→ Work instruction
Each line of the data below between the one containing "4. Si vous avez" and the one containing "Вікторія Донець, психолог", both included, is to be repeated exactly. Please omit pictures.

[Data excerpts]
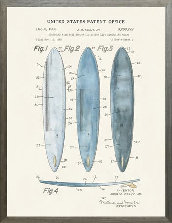 This vintage-inspired print, framed in a black wooden frame, features a surfboards patent. Sized at 16 inches by 20 inches, this made in the USA frame makes for a beautiful addition to any wall.
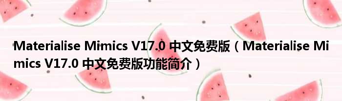 Materialise Mimics V17.0 中文免费版(Materialise Mimics V17.0 中文免费版功能简介)
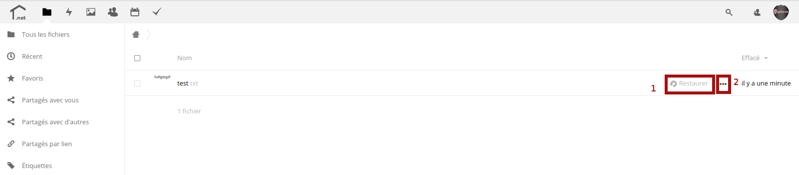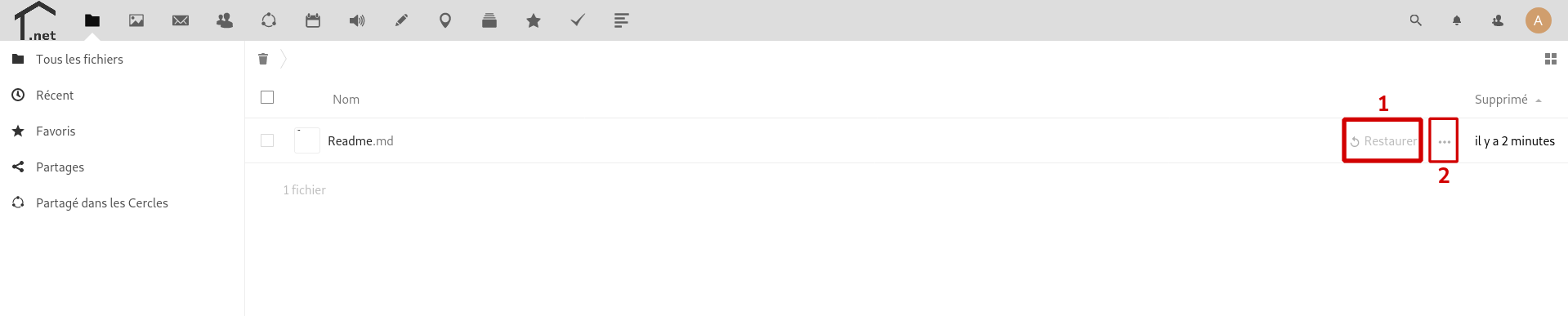 4. Si vous avez supprimé un fichier par erreur, vous pourrez le récupérer dans le dossier contenant les fichiers supprimés :
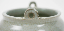 Piccolo incensiere a tripode in porcellana smaltata color Celadon, cm h 11x12,5, Cina, XX secolo.
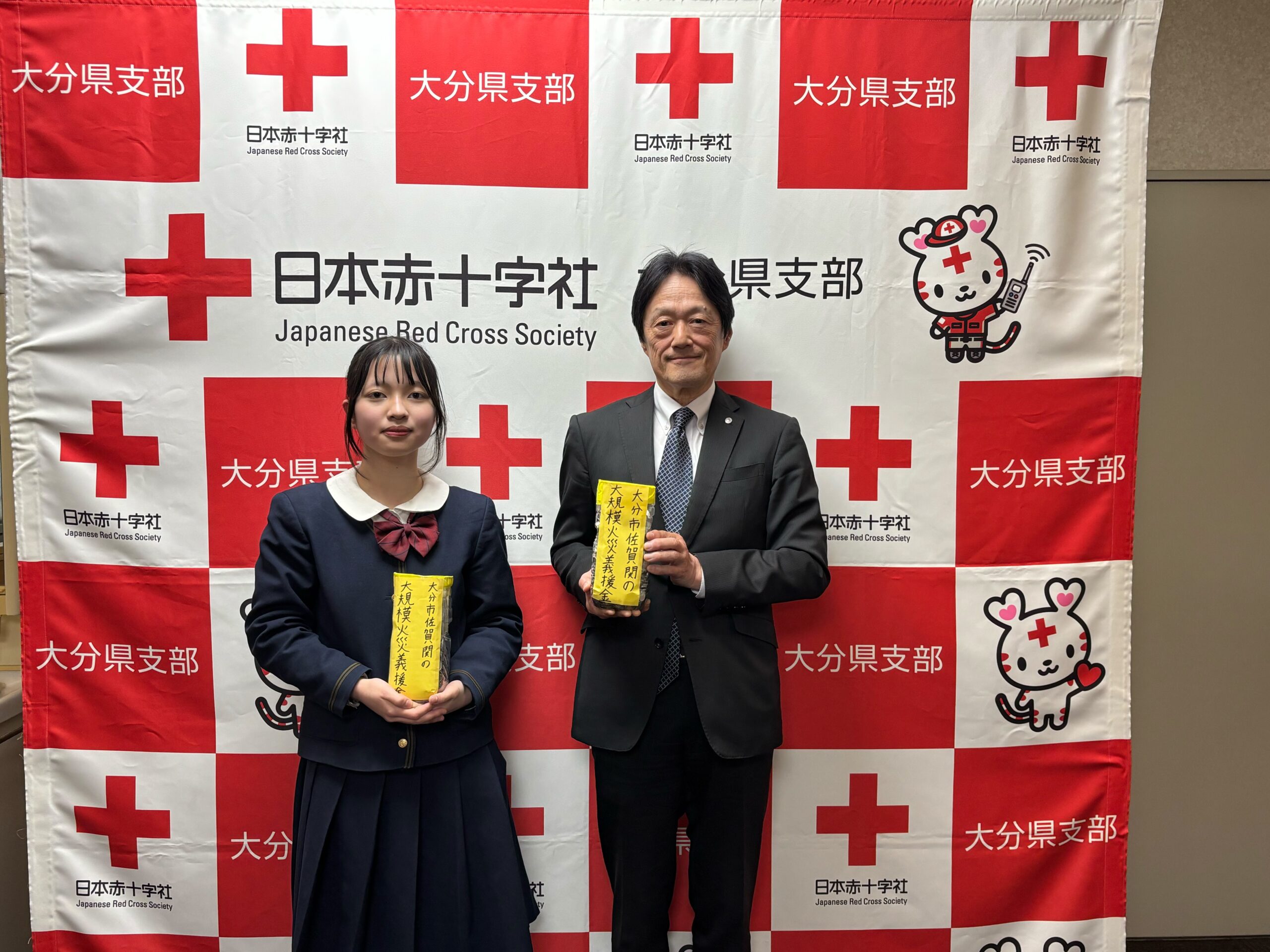大分市佐賀関で発生した大規模火災からの復興を支援するために、自分たちに何かできることはないかと考え、ボランティア委員会が中心となって12月16日~18日の3日間、募金活動を行いました。
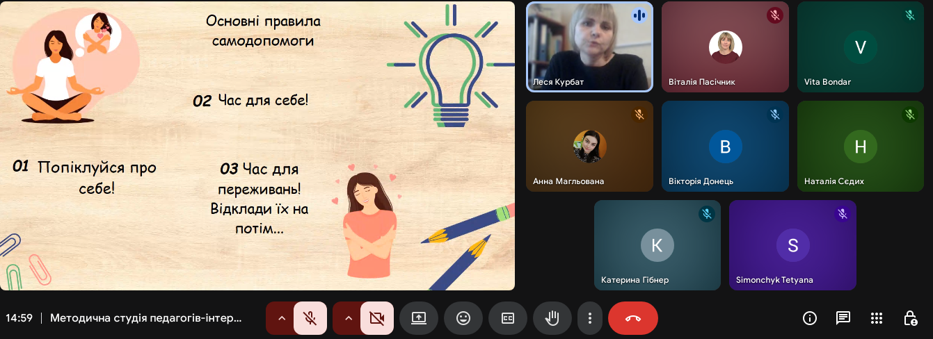 Вікторія Донець, психолог центру, ознайомила педагогів із техніками саморегуляції та відновлення життєвого ресурсу, вказала на важливість залучення батьків до освітнього процесу на засадах партнерства.
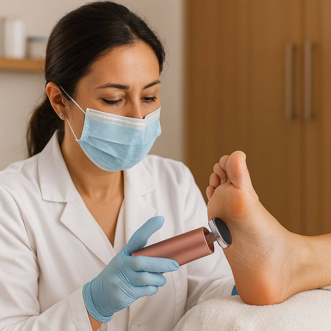 Ja – der louvana Hornhautentferner ist mit einem integrierten Drucksensor ausgestattet. Er stoppt automatisch, wenn du zu viel Druck ausübst – keine Schnitte, keine Verletzungen.
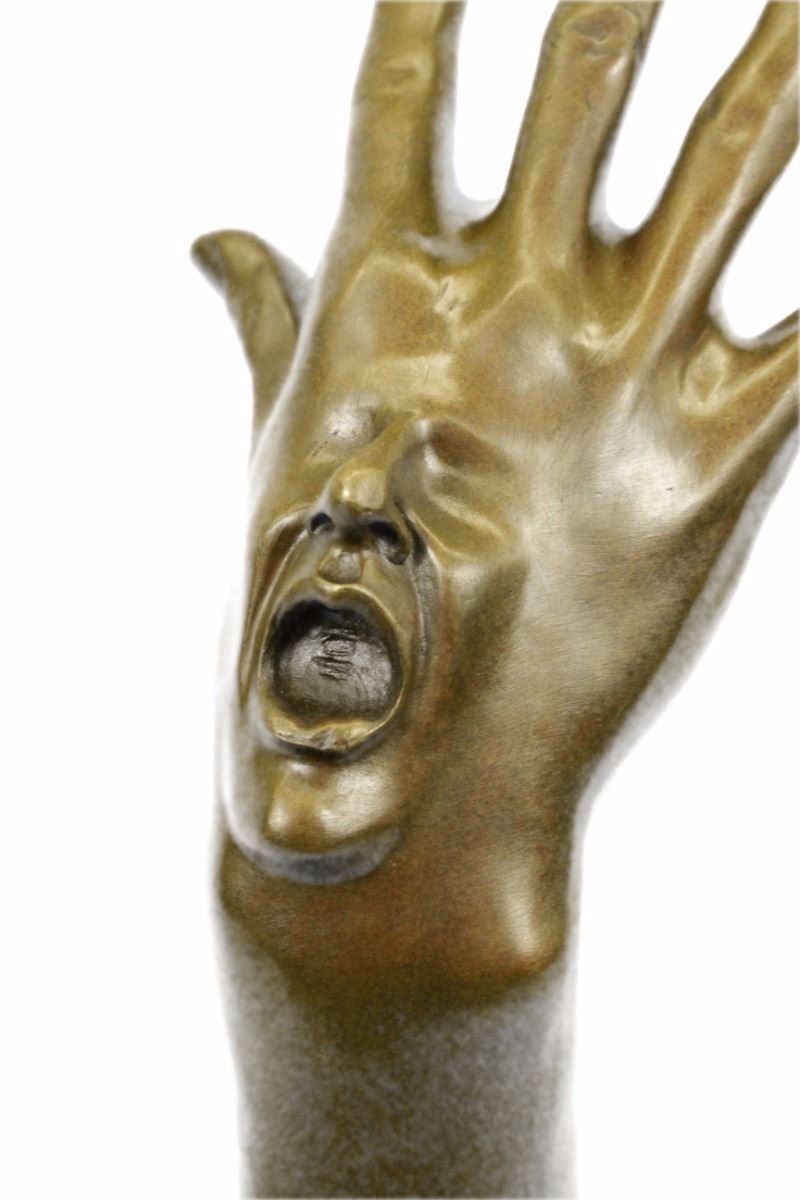 This Extravagant And Abstract Piece Was Designed And Made By Bronze, It Features A Realistic Looking Human Hand And Forearm With The Wrist Slightly Bent And Fingers Spread Apart. The Hand Is Offset By An Intricate Human Nose And Mouth Fused Into The Top Of The Hand Which Immediately Attracts The Eye. This Piece Keeps You Guessing And Using Your Imagination. It'S As If The Artist Was Trying To Convey An Emotion Of Deep Sorrow Or Anger, Possibly Even Pain. It Is Truly One Of A Kind. This Brown Patina Was Cast Using The "Lost Wax Method. Bronze Dimensions With Marble Base: Height 14 X Width 7 inches. Weight: 8 Lbs.
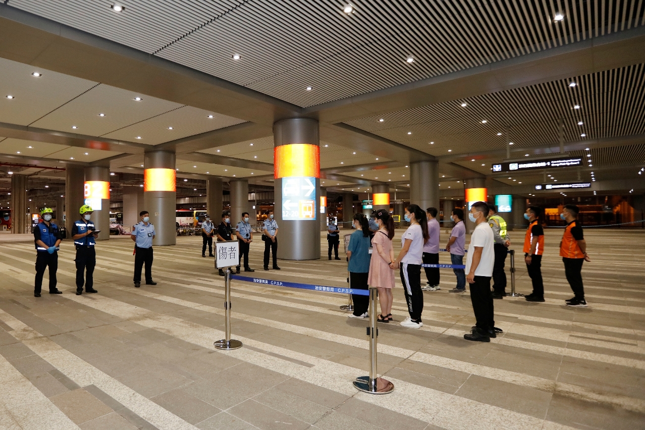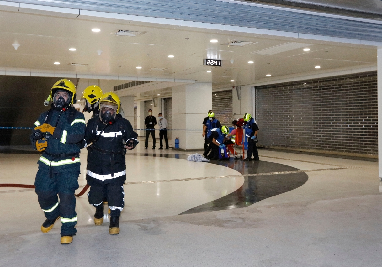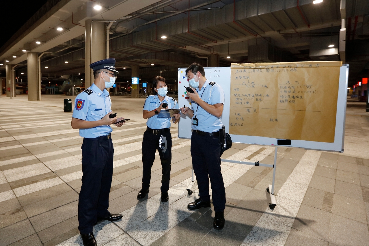 O exercício simulou um incêndio num estabelecimento de comida e bebida localizado na zona da restauração junto do rés-do-chão do átrio de chegadas do Edifício do Posto Fronteiriço de Macau da Ponte Hong Kong-Zhuhai-Macau. O segurança reparou que estava a libertar fumo no respectivo estabelecimento de comida e bebida que estava em obras, o qual provocou uma elevada quantidade de fumo. Um operador das obras do local sentiu-se mal por ter inalado fumo denso e ficou com queimadura leve ao tentar extinguir o fogo com o extintor e, de seguida, saiu do local de incêndio, esperando pelo resgate. O segurança notou da situação e ligou logo ao piquete do Edifício do Posto Fronteiriço da Ponte Hong Kong-Zhuhai-Macau. Os guardas do piquete ligaram imediatamente aos Serviços de Emergência 999, e em simultâneo, emitiram o comunicado de acordo com o mecanismo de comunicação definido no edifício e procederam rapidamente o plano de emergência de evacuação, nomeadamente avisar os serviços para se deslocarem e evacuarem os turistas até ao ponto de encontro, bem como encaminhar os turistas para tratarem das formalidades da passagem fronteiriça pela via de trânsito.

→ Written solution
 4. Si vous avez supprimé un fichier par erreur, vous pourrez le récupérer dans le dossier contenant les fichiers supprimés :
 Piccolo incensiere a tripode in porcellana smaltata color Celadon, cm h 11x12,5, Cina, XX secolo.
大分市佐賀関で発生した大規模火災からの復興を支援するために、自分たちに何かできることはないかと考え、ボランティア委員会が中心となって12月16日~18日の3日間、募金活動を行いました。
 Вікторія Донець, психолог центру, ознайомила педагогів із техніками саморегуляції та відновлення життєвого ресурсу, вказала на важливість залучення батьків до освітнього процесу на засадах партнерства.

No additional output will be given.